越新的点，$n-r$ 越小，权重越大；越旧的点，权重指数衰减。

Bloom Filter

Bloom filter 用于 set-membership query：

Given an element $y$, has it ever occurred in the stream?

结构：

一个长度为 $m$ 的 bit array。
$w$ 个 independent hash functions。
插入元素 $x$ 时，把 $h_1(x),\cdots,h_w(x)$ 对应位置置为 1。

查询：

如果任意一个对应 bit 为 0，则 $y$ 一定没出现过。
如果所有对应 bit 都为 1，则报告 $y$ 出现过。

关键性质：

False positives are possible, but false negatives are not.

中文说明：

Bloom filter 可能把没出现过的元素误判为出现过，因为 hash collision 会让对应 bits 都变成 1；但如果某个 bit 是 0，它一定没出现过。

Count-Min Sketch

Count-Min Sketch 用于 count-based summary。

结构：

一个 $w \times m$ 的二维数组。
每一行对应一个 hash function。

更新：

对每个 incoming element $x$，在每一行更新：

$C[i,h_i(x)] \leftarrow C[i,h_i(x)] + 1$

查询元素 $y$ 的频率：

$\hat{G}(y)=\min_i C[i,h_i(y)]$

为什么取 minimum：

hash collision 只会让计数变大，不会变小。
minimum 是多个 overestimate 中最紧的估计。

应用：

Frequent elements / heavy hitters
Join size estimation
Quantiles
Massive-domain counting

AMS Sketch

AMS sketch 用于估计 stream 的 second-order moment：

$F_2=\sum_{i=1}^{n} f_i^2$

在 massive-domain 场景中，无法维护所有 distinct elements 的精确频率，AMS sketch 用随机 ${-1,1}$ hash values 构造估计量。

关键结论：

$F_2 = E[Q^2]$

AMS 的意义是：不用存所有 $f_i$，也能估计频率分布的二阶统计量。

Flajolet-Martin Algorithm

Flajolet-Martin 用于 distinct element counting。

思想：

对 stream element $x$ 计算 hash value $h(x)$。
看 $h(x)$ 二进制表示中 rightmost 1 的位置，也就是 trailing zeros 的数量。
维护所有元素中的最大值 $R_{max}$。

估计：

$E[R_{max}] = \log_2(\phi n), \quad \phi=0.77351$

因此：

$\hat{n} \approx \frac{2^{R_{max}}}{\phi}$

直觉是：能看到很多 trailing zeros 的 hash value 是低概率事件；如果它出现了，说明 distinct elements 数量可能很大。

Summary on Sketches

Task	Synopsis
Set membership	Bloom filter
Frequent item count	Count-Min Sketch
Second-order moment query	AMS Sketch
Distinct element counting	Flajolet-Martin

Discussion: Data Stream Basics

1. Explain what concept drift is. How does it relate to i.i.d.?

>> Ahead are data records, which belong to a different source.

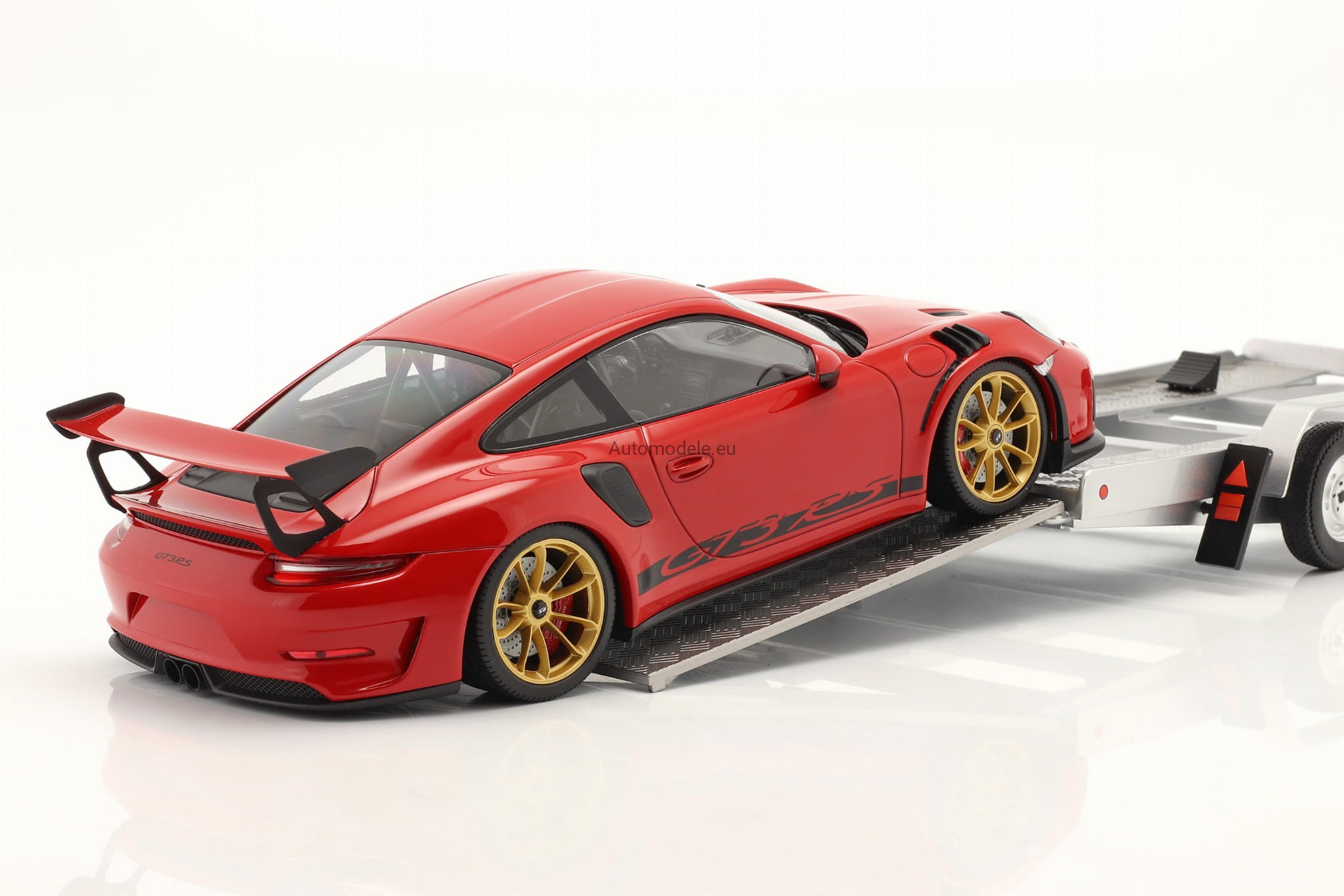 Kolekcjonerski model Laweta Przyczepa Samochodowa z ruchomymi najazdami - Car Hauler Auto Trailer Transporter Anhänger Autotrailer w skali 1:18 od IXO Models
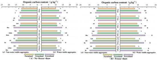 The SOC contents exhibited a reduction across all particle size fractions and land use types after freeze–thaw, with reduction rates ranging from 9.00 to 21.05% (farmland), 3.89–25.61% (grassland), and 4.75–30.88% (forestland). Notably, the magnitude of SOC reduction was more pronounced in non-water-stable (NWS) aggregates than in water-stable (WS) aggregates. These findings indicate that FTCs facilitate the release of SOC, with a more pronounced effect on NWS aggregates.
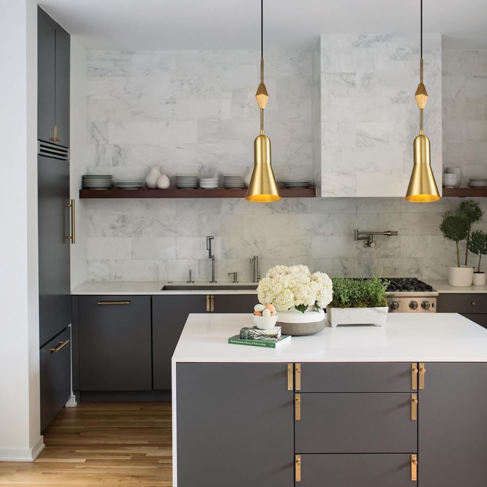 Etoile Small 1 Light Pendant in Aged Black with gilded star accent. Adjustable height. Perfect all around the house.
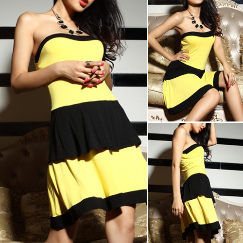Then we suggest you this dress! Strapless style,with contrast color design makes it look more eye-catching.
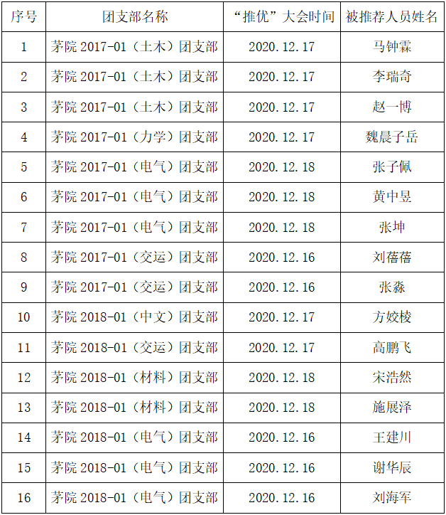 共青团组织积极向党组织推荐优秀团员青年作入党积极分子是“党建带团建,团建促党建”工作的重要切入点,是党对共青团提出的具体要求,也是共青团作为党的助手和后备军的具体体现。为使“推优”工作规范化、透明化、公开化,特将2020-02期“推优”名单公示如下:
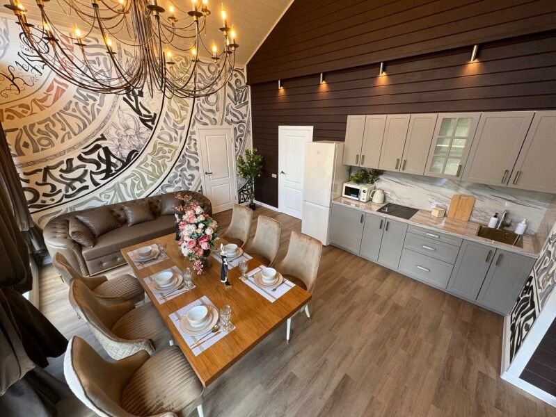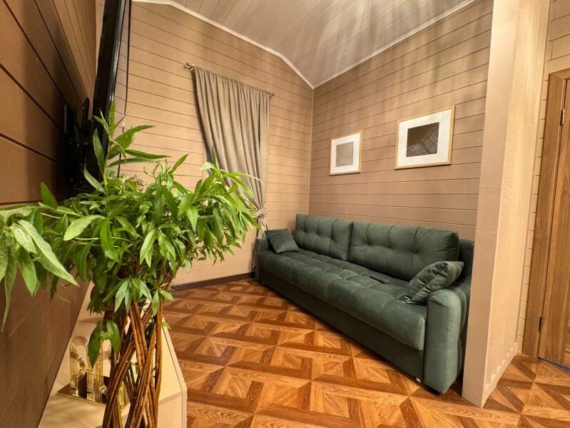 Барский дом — воплощение уюта и комфорта. В этом просторном доме Вас ждут две уютные спальни с двуспальными кроватями, большой диван для отдыха в кругу друзей, стол, за которым легко может разместиться большая компания, и функциональная кухня. В доме также расположена баня, где можно отдохнуть и восстановить силы после активного дня. В доме установлен телевизор.
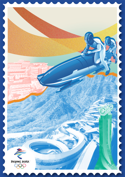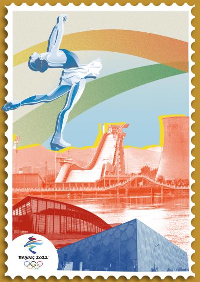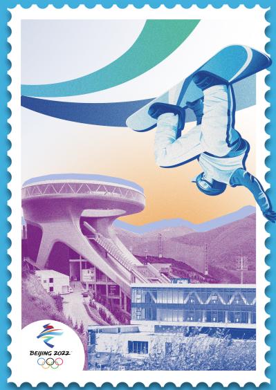 《集彩冬奥——拼贴冬奥印记》(作者:刘嘉宁、郭文清,指导教师:柳帆)作品共三张,分别展示了2022年北京冬奥会三个赛区的场馆以及对应的典型项目,期待在展现北京现代化建筑美感的同时,为人们留下三个赛区的特色印象。色彩选择多样化,以冬奥会和冬残奥会的官方配色为主色调,通过视觉上色彩的碰撞传达“青春”“运动”的含义。青春的色彩运用与现代的拼贴风格相结合,意在展示冬奥会冰雪运动的动态魅力,弘扬奥林匹克精神。作品整体选择邮票样式,借“集邮”表达“集彩”之义,背景借中国书法“冬”字的笔画,将抽象的滑道、冰雪运动与书法相结合,用飘带样式进行视觉呈现,与运动员相称。既呼应了冬奥主题,又借飘带样式传达了“连接”、“沟通”之义,蕴含着中国向世界发出诚挚邀约,与世界人民一起,向美好未来前进的冬奥主旨。

Concept drift means the data distribution changes over time. It violates the identical distribution part of the i.i.d. assumption because data arriving at different times may come from different distributions.

中文说明：

i.i.d. 假设要求所有样本来自同一分布；concept drift 说明 $Pt$ 会随时间变成 $P{t+1}$，因此模型不能永远依赖旧数据。

2. Difference between data stream and time series. How does concept drift relate?

A time series is an ordered sequence of observations, often numerical, while a data stream emphasizes continuous online arrival under memory and one-pass constraints. Concept drift in data streams is similar to changing patterns in time series, but stream mining additionally cares about online processing and limited storage.

3. Which constraints does the synopsis approach address?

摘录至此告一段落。